I’m feeling a little testy on ophthalmic testing this month. It’s the application of science and statistical validity in our field, an area that seems to get very little attention. The key word is “outcomes,” and is the common thread that we may be missing. Does your test or procedure truly have a benefit in terms of aiding quality of life, or preventing vision loss? Is it repeatable, and does the result truly distinguish abnormal patients from normal ones? Now, I know you’ll argue that “we” don’t contribute to this issue as much as do other specialties, but that holds no water. We are as responsible as any other profession to provide benefit and value in quality of care and cost.
Let’s look at some examples.
Visual field testing for headaches is a cornerstone. Yes, we all know that it’s subjective and difficult for the patient, especially the full-threshold version.

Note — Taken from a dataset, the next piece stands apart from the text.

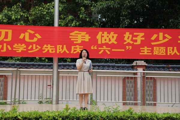 上午8点10分,全体师生齐聚学校操场举行了庄严的升旗仪式。四5班全体同学身着整齐的中山装,在迎风飘扬的国旗下,齐声高唱建党百年宣传曲《少年》,轮番高举的一幅幅图画展示了建党百年的光辉历程,昂扬的歌声展现了新一代少年儿童的活力与风采。随后,副校长陈虹岗上台致辞,她给孩子们送上了节日的祝福,教育孩子们要感恩先辈,热爱祖国,珍惜得来不易的幸福,并希望同学们不断提高自己的品德修养,当好社会主义接班人,好好学习科学文化知识,练好本领,长大成为国家的栋梁之才。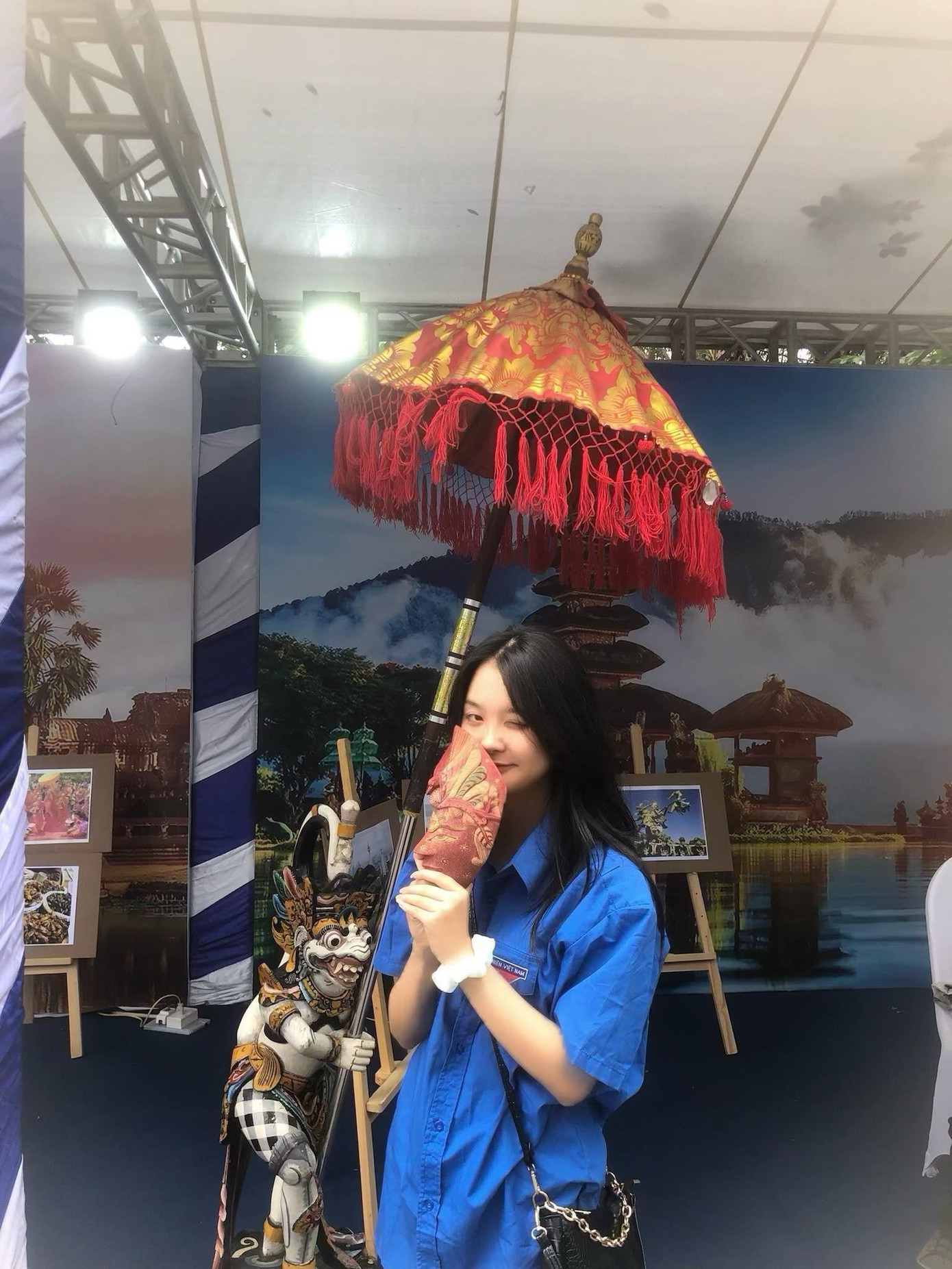 Trong trang phục áo dài truyền thống, Nguyễn Đình Vinh Khánh (2001) - sinh viên trường Đại học Mở Hà Nội đảm nhiệm vai trò là một hướng dẫn viên cho Thành đoàn Hà Nội tại gian hàng của Việt Nam.

The basic principle is that if a test has a higher chance of FALSE POSITIVES than the chance of the patient actually HAVING the disease in question, we are in deep fertilizer for running the test. Our office experience has been that visual fields have a 10-20% rate of false positives. We’ve all seen visual field cuts that are pretty convincing, yet non-pathologic. Have you considered the false positive rate for your own practice? What are the chances that a headache patient without neurologic symptoms will have a brain tumor? It’s not zero, but it’s not 10-20%, either. The residue is a visual field that has eyelid, nose, and poor attention defects that require some explaining.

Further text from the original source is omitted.